# What the task asks
From the listing that follows, reproduce only the lines from the one holding "Envíos gratis a" through the one holding "TOM FORD GRAIN LEATHER RIDGE BUCKLE T BELT", both included, with no pictures.

# Data to process
Segment Open

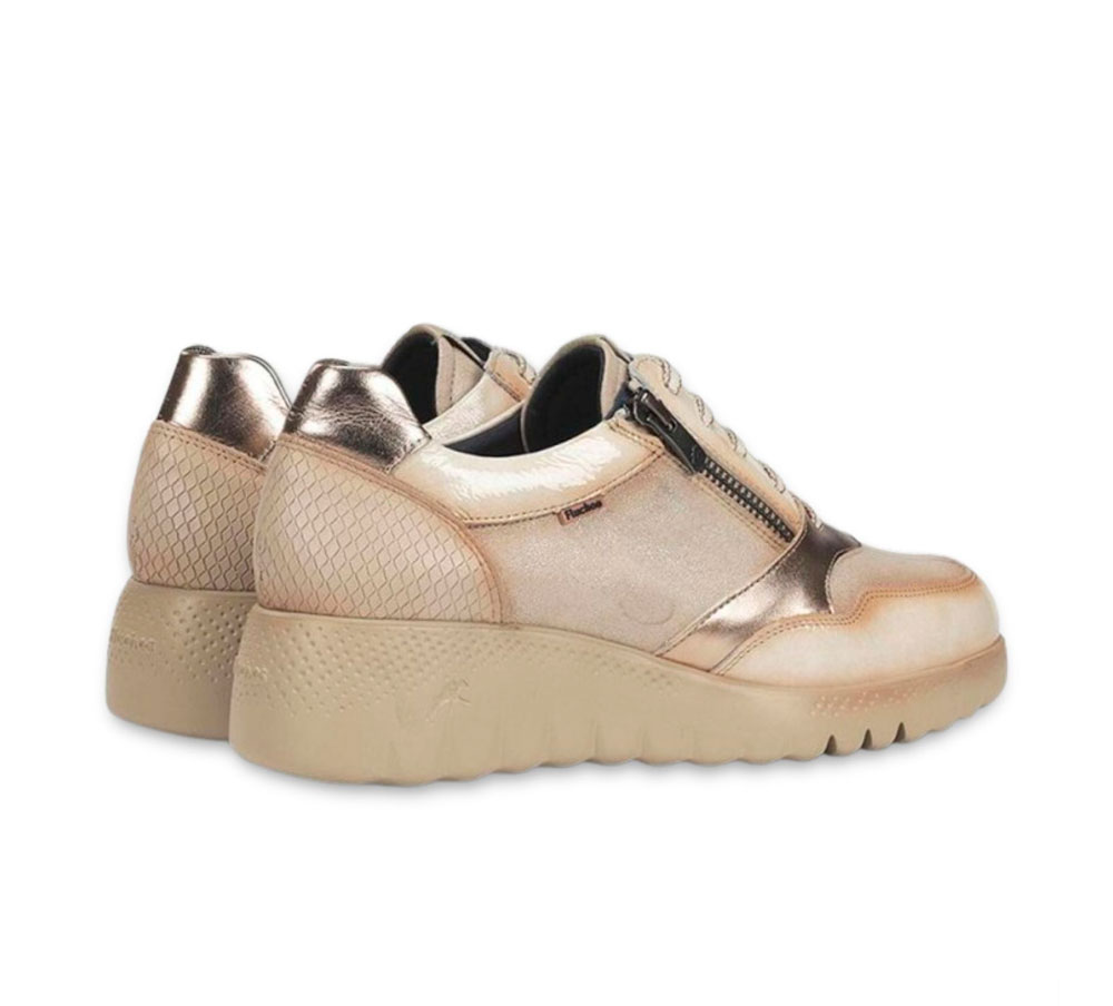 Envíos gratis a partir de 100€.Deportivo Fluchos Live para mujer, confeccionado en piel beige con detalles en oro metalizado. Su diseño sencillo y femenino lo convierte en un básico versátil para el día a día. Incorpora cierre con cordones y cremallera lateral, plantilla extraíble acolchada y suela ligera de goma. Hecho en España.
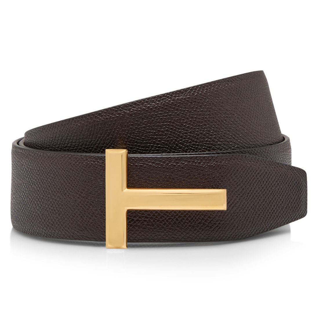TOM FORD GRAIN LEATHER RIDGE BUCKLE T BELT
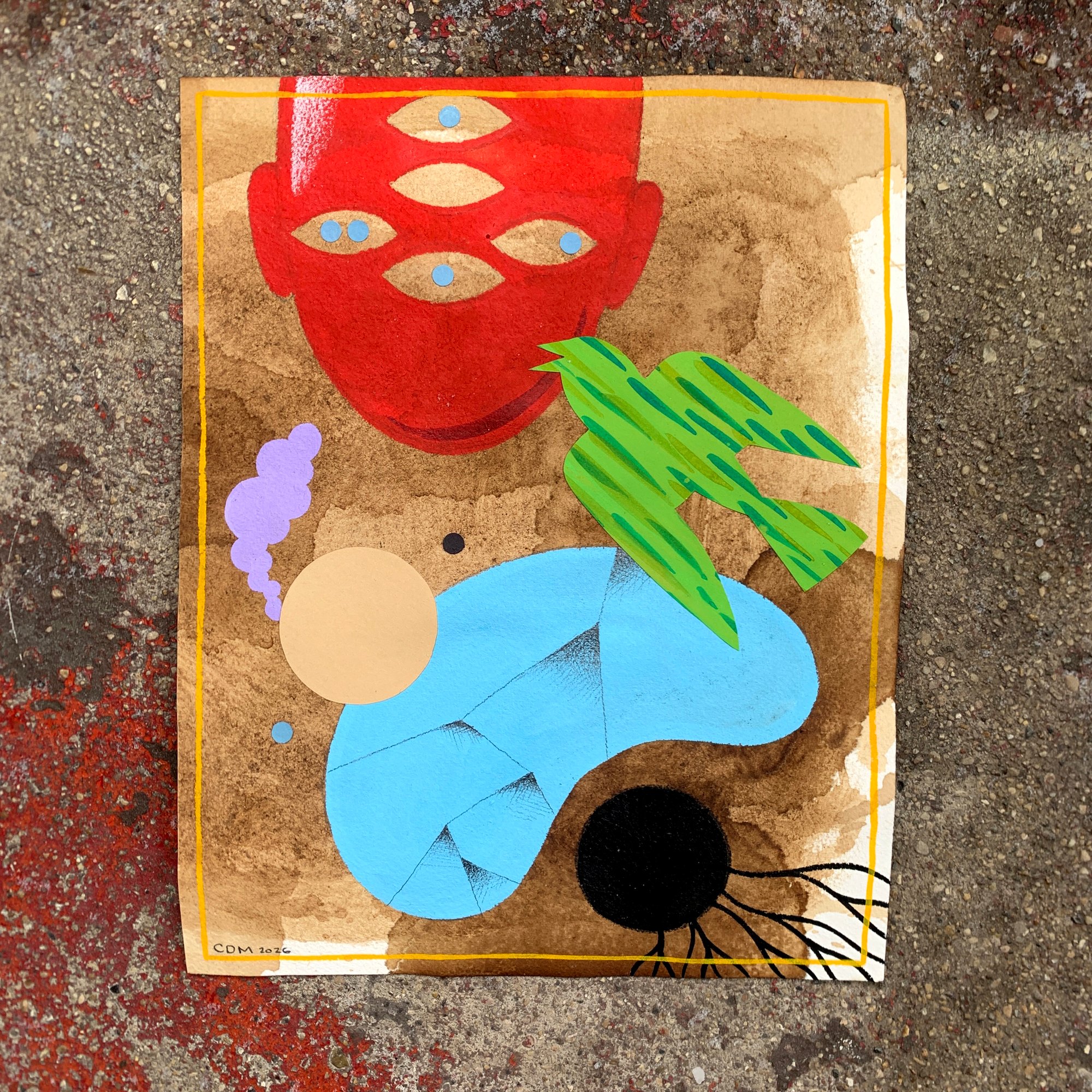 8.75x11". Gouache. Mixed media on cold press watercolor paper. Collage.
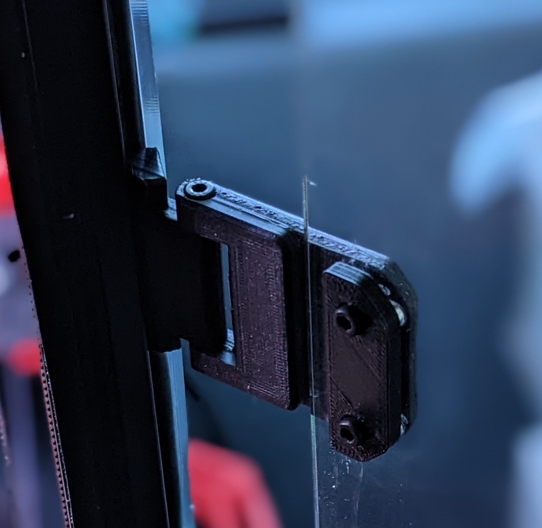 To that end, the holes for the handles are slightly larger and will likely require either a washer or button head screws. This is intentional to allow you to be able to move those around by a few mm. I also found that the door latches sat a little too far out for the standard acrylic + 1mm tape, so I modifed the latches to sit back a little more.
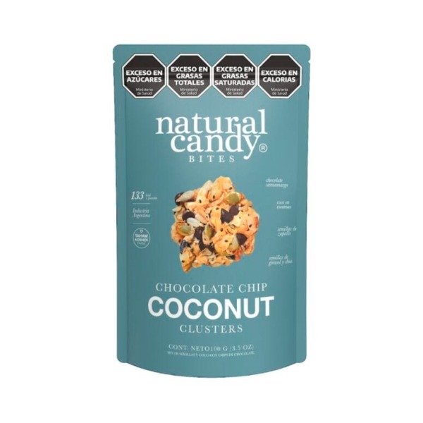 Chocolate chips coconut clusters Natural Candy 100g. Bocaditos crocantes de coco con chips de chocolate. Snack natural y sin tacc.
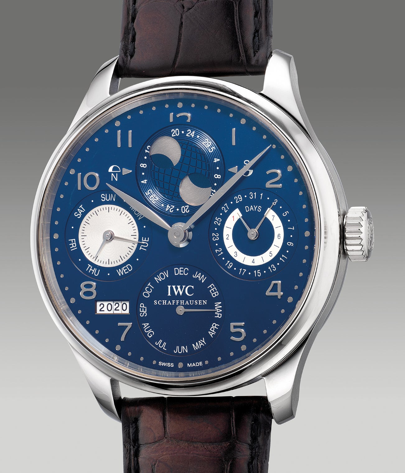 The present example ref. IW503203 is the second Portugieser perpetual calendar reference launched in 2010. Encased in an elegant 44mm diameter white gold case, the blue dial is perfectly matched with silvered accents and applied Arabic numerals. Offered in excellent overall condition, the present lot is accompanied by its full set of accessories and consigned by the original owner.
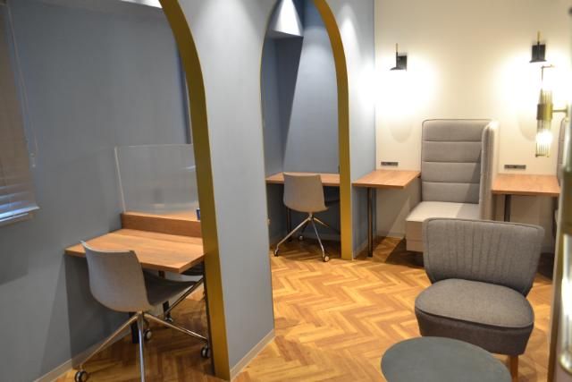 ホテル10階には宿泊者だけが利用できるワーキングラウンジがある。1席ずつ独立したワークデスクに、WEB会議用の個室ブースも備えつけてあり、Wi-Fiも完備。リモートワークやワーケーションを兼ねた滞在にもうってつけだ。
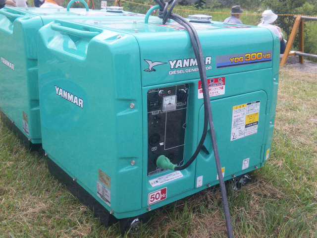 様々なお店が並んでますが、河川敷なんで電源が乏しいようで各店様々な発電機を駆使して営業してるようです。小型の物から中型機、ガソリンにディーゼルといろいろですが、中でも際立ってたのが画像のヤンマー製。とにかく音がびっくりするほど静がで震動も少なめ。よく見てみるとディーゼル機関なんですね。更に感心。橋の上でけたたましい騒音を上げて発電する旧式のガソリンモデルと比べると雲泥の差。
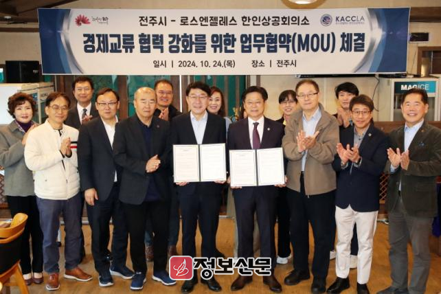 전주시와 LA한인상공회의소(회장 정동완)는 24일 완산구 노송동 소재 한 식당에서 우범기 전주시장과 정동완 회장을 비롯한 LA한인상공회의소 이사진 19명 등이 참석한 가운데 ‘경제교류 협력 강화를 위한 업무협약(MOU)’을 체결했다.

Segment Closed
Segment Open

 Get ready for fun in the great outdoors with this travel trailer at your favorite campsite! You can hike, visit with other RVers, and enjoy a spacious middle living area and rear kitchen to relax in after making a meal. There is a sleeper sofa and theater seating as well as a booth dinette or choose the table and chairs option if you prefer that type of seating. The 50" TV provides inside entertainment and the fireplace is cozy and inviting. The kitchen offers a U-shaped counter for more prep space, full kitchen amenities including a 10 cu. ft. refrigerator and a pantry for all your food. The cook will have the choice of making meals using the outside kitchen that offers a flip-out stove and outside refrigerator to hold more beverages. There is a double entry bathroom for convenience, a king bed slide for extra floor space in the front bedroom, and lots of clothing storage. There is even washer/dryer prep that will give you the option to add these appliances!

Segment Closed

# Written response
 Envíos gratis a partir de 100€.Deportivo Fluchos Live para mujer, confeccionado en piel beige con detalles en oro metalizado. Su diseño sencillo y femenino lo convierte en un básico versátil para el día a día. Incorpora cierre con cordones y cremallera lateral, plantilla extraíble acolchada y suela ligera de goma. Hecho en España.
TOM FORD GRAIN LEATHER RIDGE BUCKLE T BELT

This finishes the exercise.